Of the material below, only the lines from the line containing "Ebenso haben wir" down to the line containing "Apartamentul detine numeroase" belong in the answer, written out exactly.

Given entries below:

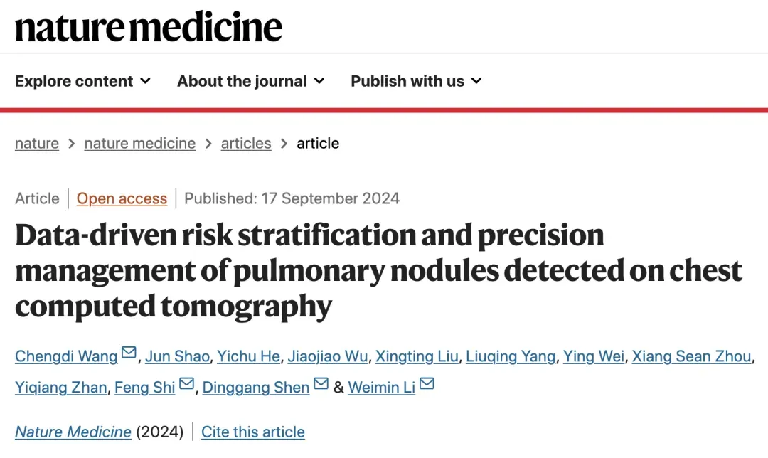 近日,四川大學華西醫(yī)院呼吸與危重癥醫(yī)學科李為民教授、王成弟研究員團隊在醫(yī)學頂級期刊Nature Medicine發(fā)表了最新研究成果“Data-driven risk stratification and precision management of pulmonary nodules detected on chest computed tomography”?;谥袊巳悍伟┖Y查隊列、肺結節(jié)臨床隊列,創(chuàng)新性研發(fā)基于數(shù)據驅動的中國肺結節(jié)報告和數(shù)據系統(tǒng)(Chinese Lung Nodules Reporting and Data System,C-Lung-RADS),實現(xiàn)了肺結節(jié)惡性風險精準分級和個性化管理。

End of Given entries.
Given entries below:

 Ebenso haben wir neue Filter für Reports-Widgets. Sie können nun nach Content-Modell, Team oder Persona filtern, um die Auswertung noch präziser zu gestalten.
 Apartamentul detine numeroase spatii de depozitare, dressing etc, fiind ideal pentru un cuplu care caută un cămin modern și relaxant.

End of Given entries.

- Task output -
 Ebenso haben wir neue Filter für Reports-Widgets. Sie können nun nach Content-Modell, Team oder Persona filtern, um die Auswertung noch präziser zu gestalten.
 Apartamentul detine numeroase spatii de depozitare, dressing etc, fiind ideal pentru un cuplu care caută un cămin modern și relaxant.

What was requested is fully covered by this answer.